Rothbard conclut donc que « la position fusionniste est simplement la position libertarienne », que Frank Meyer n’était pas un fusionniste mais tout simplement un individualiste et un libertarien tranchant, et que le fusionnisme n’est pas une troisième voie, mais simplement le libertarianisme.
Ce n’est certainement pas correct. Alors que le premier pilier de Meyer est pratiquement indiscernable du libertarianisme politique, le fusionnisme se distingue du libertarianisme politique par l’ajout d’un deuxième pilier non négociable. Le mot fusionniste porte une information supplémentaire, identifiant un sous-ensemble de libertariens politiques avec un engagement particulier pour la vertu (et un respect chestertonien pour les clôtures) dans la sphère privée.

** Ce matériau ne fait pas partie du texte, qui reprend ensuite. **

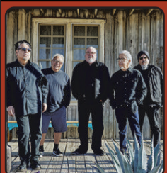
SUN, DEC 31 LOS LOBOS New Year's Eve
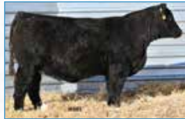
Hart Dolly 220M, Maternal Sister

Take a step back and think about your female factory. Let's face it, if the foundation females of your operation gives you a solid product either bull or heifer but you're needing an extra push to get you the most bang in your bottom line, that is where this cow power of Welsh's Warsaw and Turnpike combo becomes a key consideration for you. Hart 123G's speciality is already proven as a prominent female producing factory. This is her first bull calf and we feel he will take the initiative of his mother and give you gorgeous heifers that you can take your female foundation up to the next level.
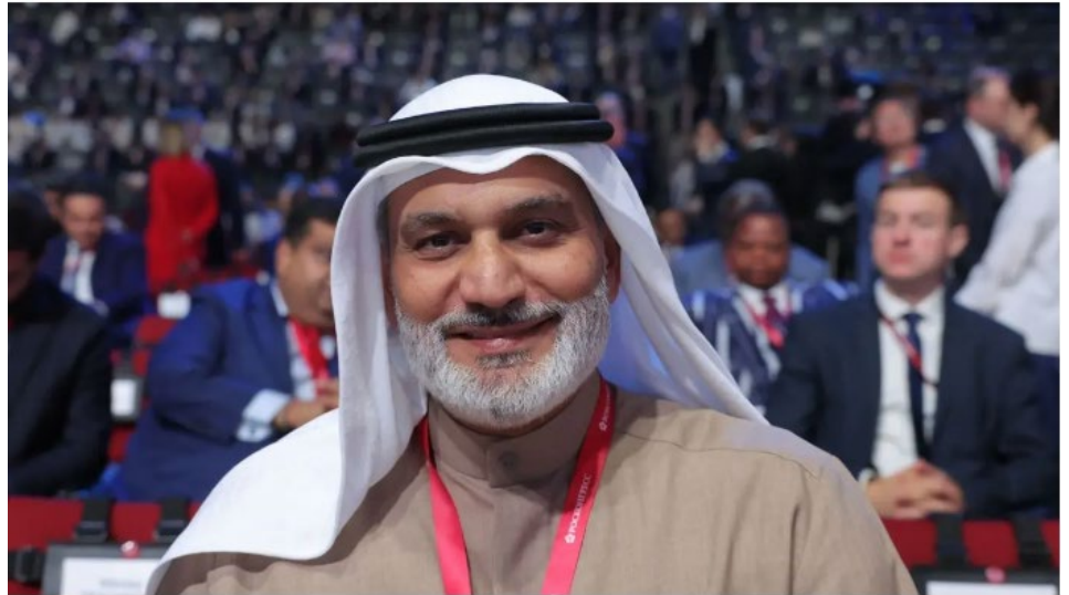
OPEC Secretary General Haitham al-Ghais in Russia earlier this year

We were right at the start of the year about oil prices tightening and OPEC+ supply cuts are continuing to support the market. Gas storage levels came in much better than we expected. And gold, as we thought, has already touched record highs
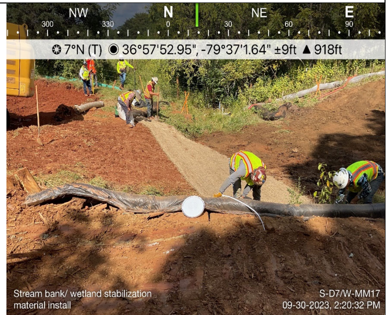
Photo Description: Restoration crews applying seed and stabilization matting to impacted resource areas.
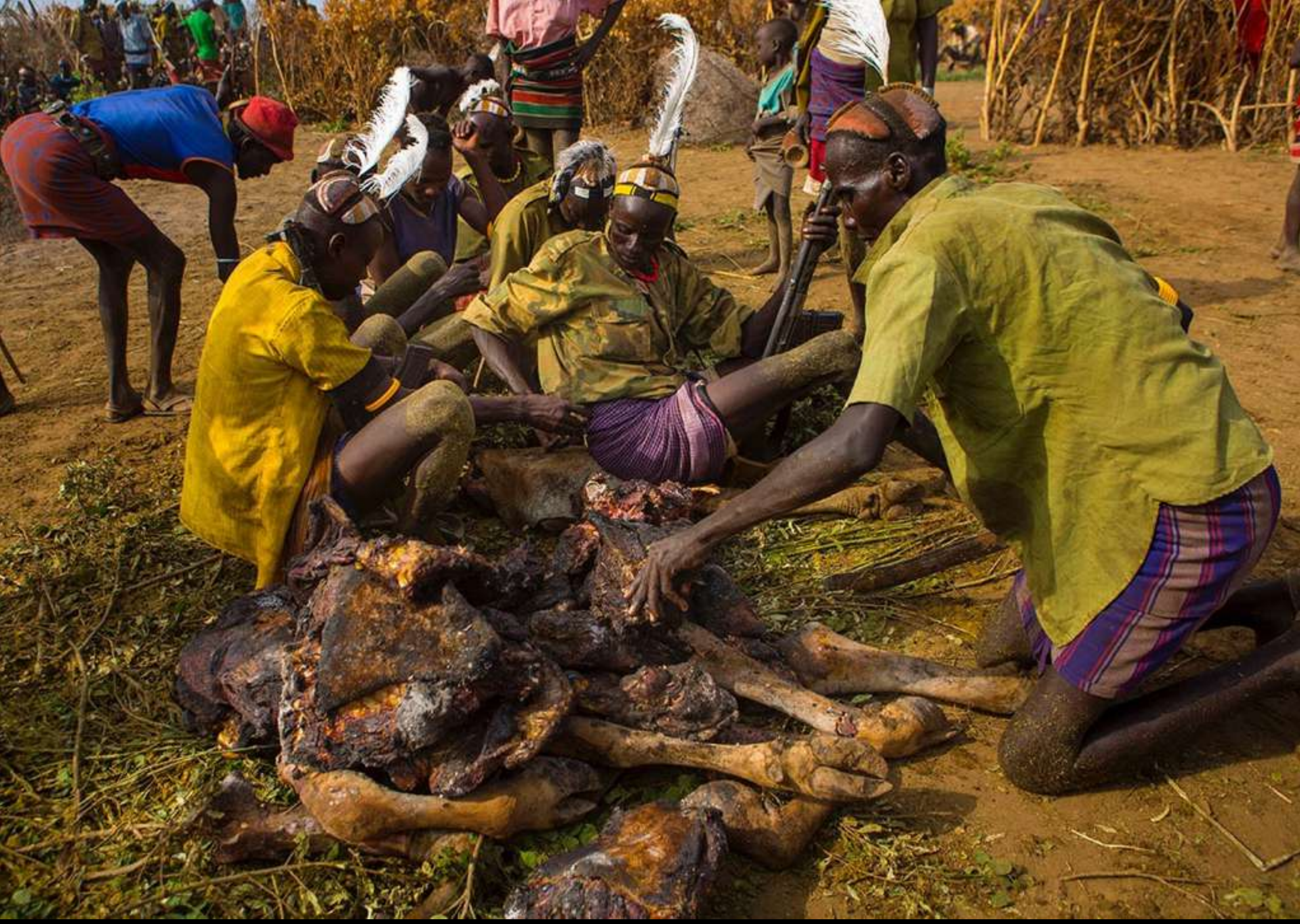
The best parts of the cows are kept in the middle of the camp and carefully monitored. Eating meat is a rare treat, since cows, being very expensive, are hardly ever slaughtered.
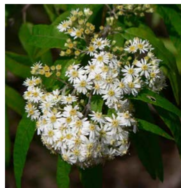
Olearia lirata
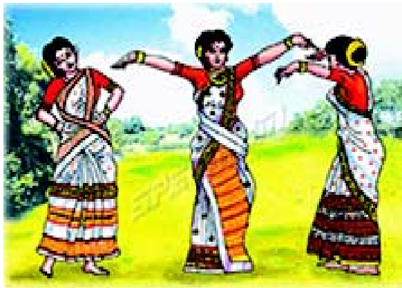
Fig. 8.1 Assam
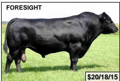
FORESIGHT +106 YW, +1.72 SC, +20 DOC +44.71 $W, +2.54 $EN, +79.12 $B $20/18/15
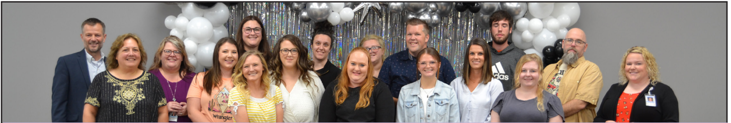
One Year Recipients
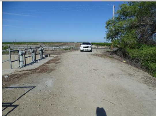
Levee crown looking downstream.
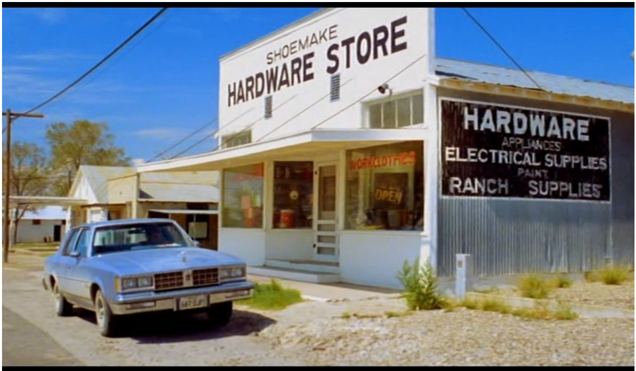
Screenshot from Paris, Texas (1984)
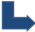
Indian River Dog Training Club Rally Trials – Melbourne, FL (July) RE – two legs NEW TITLE!!
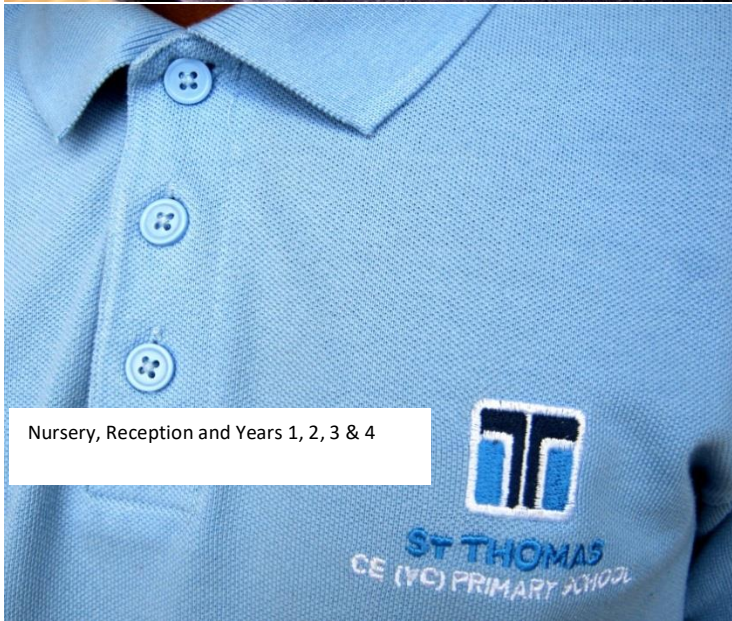
Nursery, Reception and Years 1, 2, 3 & 4

PE KIT T-shirt in house colour (see uniform leaflet), black shorts, white socks and black pumps
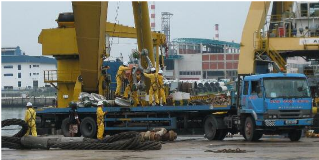
Above seen in Singapore the sheerleg Asian Hercules II loading new top quality Green Pin® Sling shackles
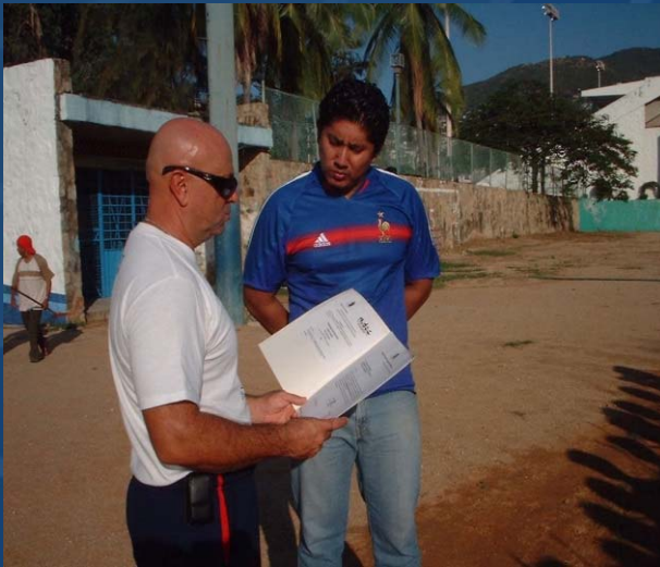
TRAIN THE TRAINER
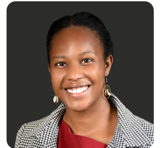
Sylvia Underwriting & Claims
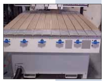
Individual zones run the length of the table.

on the market today. Techno understands that fixturing parts can be the most complex part of the manufacturing process, in addition to being time consuming. With Techno's vacuum table, we allow for both mechanical and vacuum fixturing to be used simultaneously. What does this mean? If you are processing sheets of material such as MDF, Melamine, plastic, foam or any other sheet-like material, vacuum flow-through process is an excellent solution. If you are processing small or irregular shaped products, then you may want to utilize vacuum along with mechanical clamps. With Techno's universal vacuum table, you can achieve both. With the T-Slots built into the aluminum vacuum table, it is easy to mount gates for banking your material against, lining the material up square to the axis of travel. In addition, Techno's vacuum tables are zoned. If you are processing small parts, then you do not require the entire machine's vacuum table to be wide open, rather, just a small section. Techno's vacuum tables are also easily customizable. Techno's vacuum tables are channeled, which allow gasketing material to be routed around the vacuum table. The channels cut into the table are placed on a 1.0" grid; therefore, the gasketing can be formed to any pattern to fixture small parts. In areas along the open zone where vacuum is not required, simply utilizing the rubber plugs will close off the other vacuum ports in the zone. This flexibility makes the job easier and setup minimal.
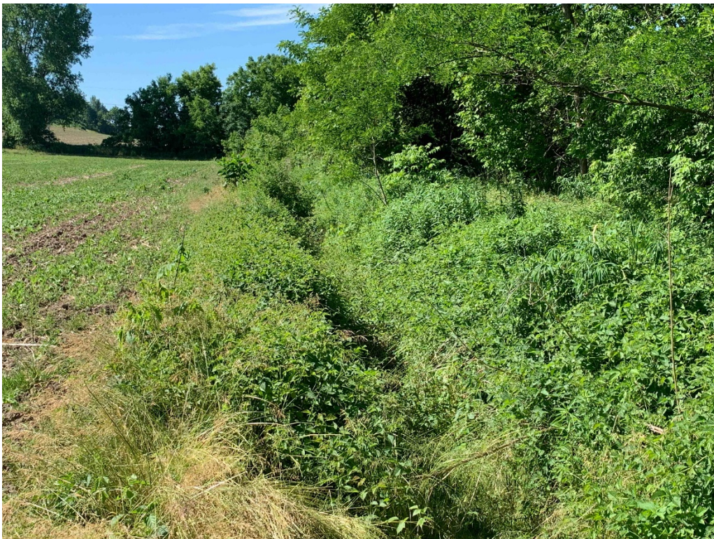
Photo 6. Ephemeral stream S-BTF-6 in the western section of the Project Area. 6/18/20.
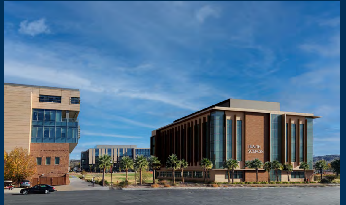
Northwest corner rendering
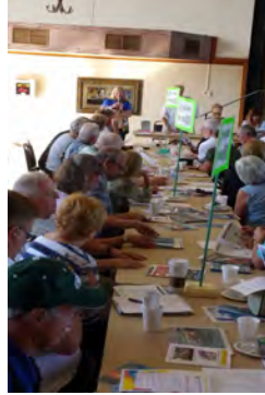
SPEAKER: EMERGENCY PREPAREDNESS
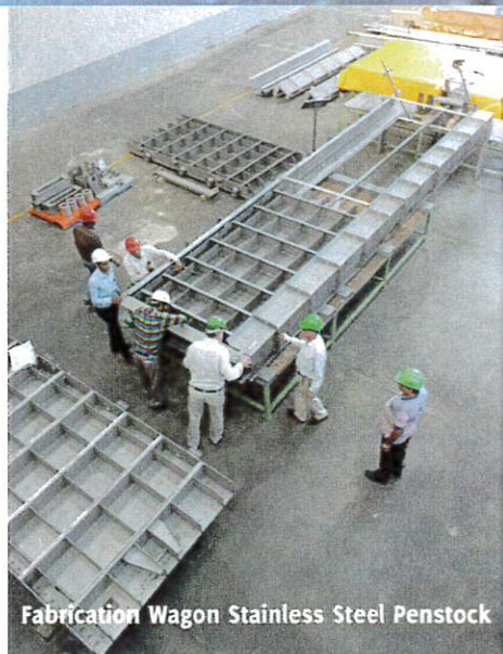
Fabrication Wagon Stainless Steel Penstock
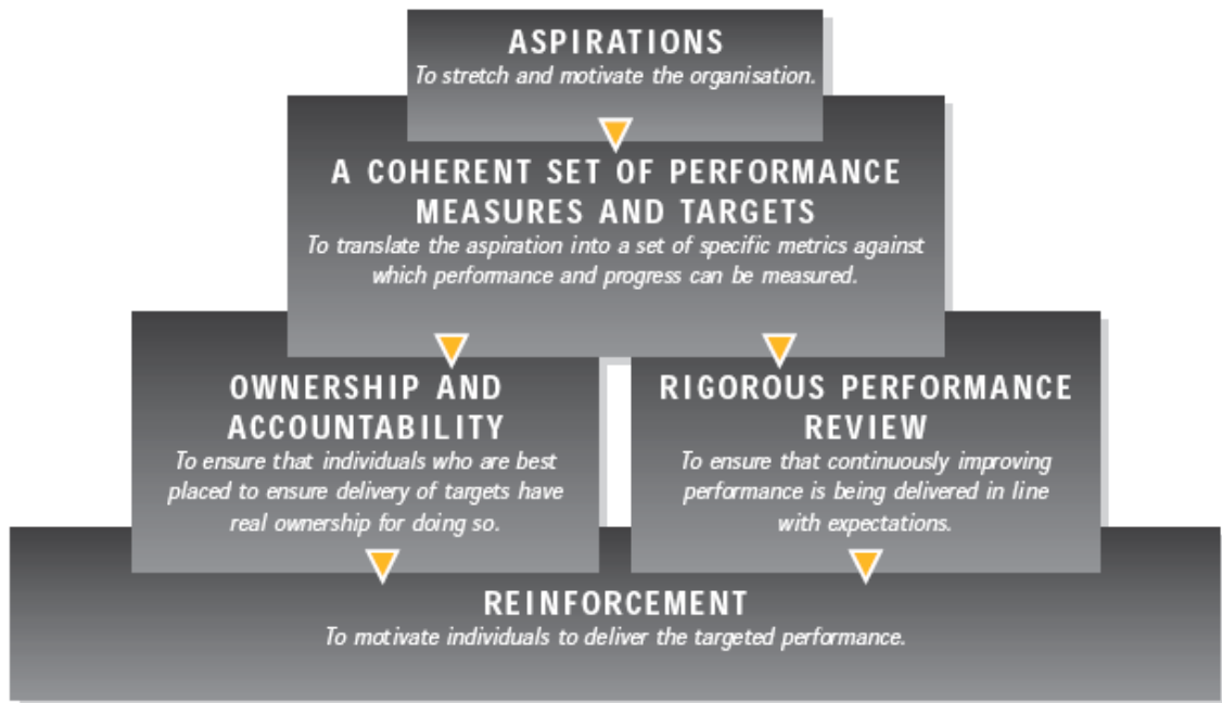
Figure 2: A Performance Management Model (HMT, 2000)
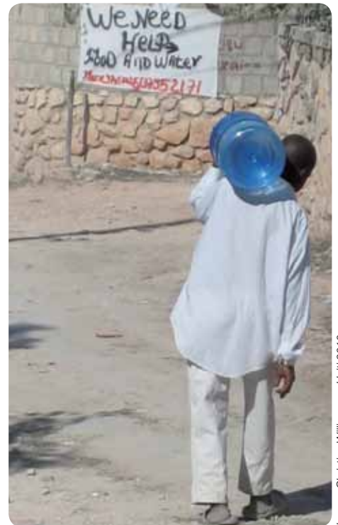
Haiti 2010

While applauding all of the above, it is important to recognise that the staff support field still faces challenges. Knowledge, previously a significant
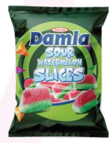
2462 DAMLA SOUR GUMMY WATERMELON 80 G BAG
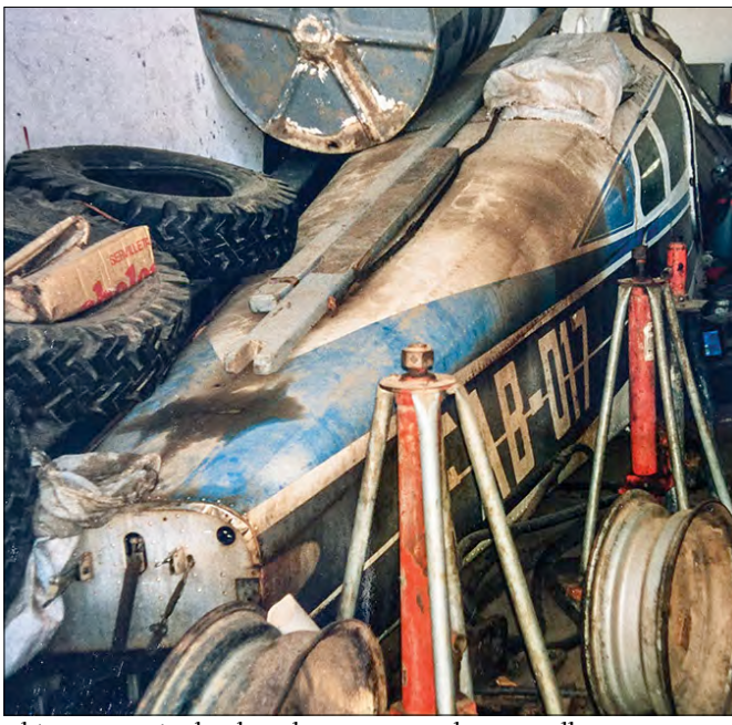
This FAB-017 is clearly a, hmm, yes surely, a... Well a Cessna 310D probably! This is the shot that started the hunt!
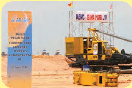
The site of the project

The construction of the new terminal for low cost carriers was officially commenced following a ground-breaking ceremony launched by the Prime Minister YAB Dato' Sri Mohd Najib Tun Hj Abdul Razak on 30 August 2010 at the project site in Sepang.
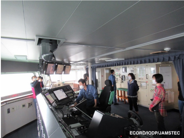
Scene of ship tour at Bridge
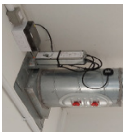
Motorised fire damper
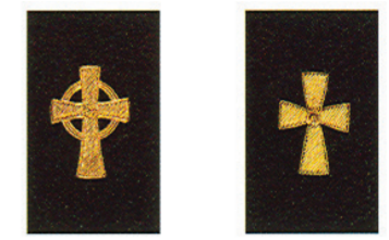
Naval Dean, Naval Chaplain
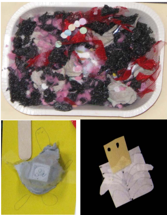
Figure 5. Different students' constructions of parts of the sea turtle life cycle.

discuss the creative strengths exhibited by the student. Figure 2 shows parts of student products related to the bean plant life cycle. The sprout was made with a cut portion of the green plastic palm tree drink stirrer thrust into the gray egg carton cup that represented the soil, a creative idea because the student modified the given pieces rather than using them as a whole (creative strength of breaking boundaries).
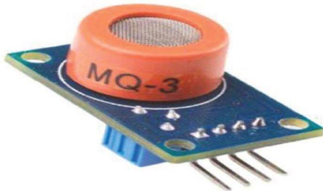
Fig:4 MQ3 Sensor
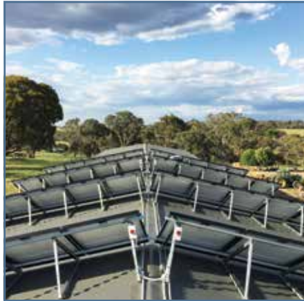
TOWARDS TOMORROW ENERGY

C’est bien de souligner qu’il y a de la place pour les fusionnistes du type de Meyer sous le chapiteau libertarien. Moi aussi, je veux que mes amis conservateurs attachés à l’État minimal sachent qu’ils ont une place dans le mouvement libertarien s’ils le souhaitent, en particulier alors que le mouvement conservateur poursuit son effrayante dérive post-libérale.
Mais Rothbard semble penser qu’il peut utiliser de la fumée et des miroirs pour effacer de la vue les libertariens complets, en écrivant, par exemple, que « seul un imbécile pourrait jamais soutenir que la liberté est le plus haut ou même le seul principe ou fin de la vie ». Cette affirmation, qui surprendrait bon nombre de mes associés, rappelle de manière poignante pourquoi Rothbard est considéré comme le libertarien le moins aimé de nombreux libertariens.
En vérité, il existe une grande variété de libertarianismes. Pour le meilleur ou pour le pire, notre grande tente a toujours contenu un mélange désordonné d’opinions. Alors faites le tour des stands et voyez ce qui vous attire. Bienvenue dans le spectacle.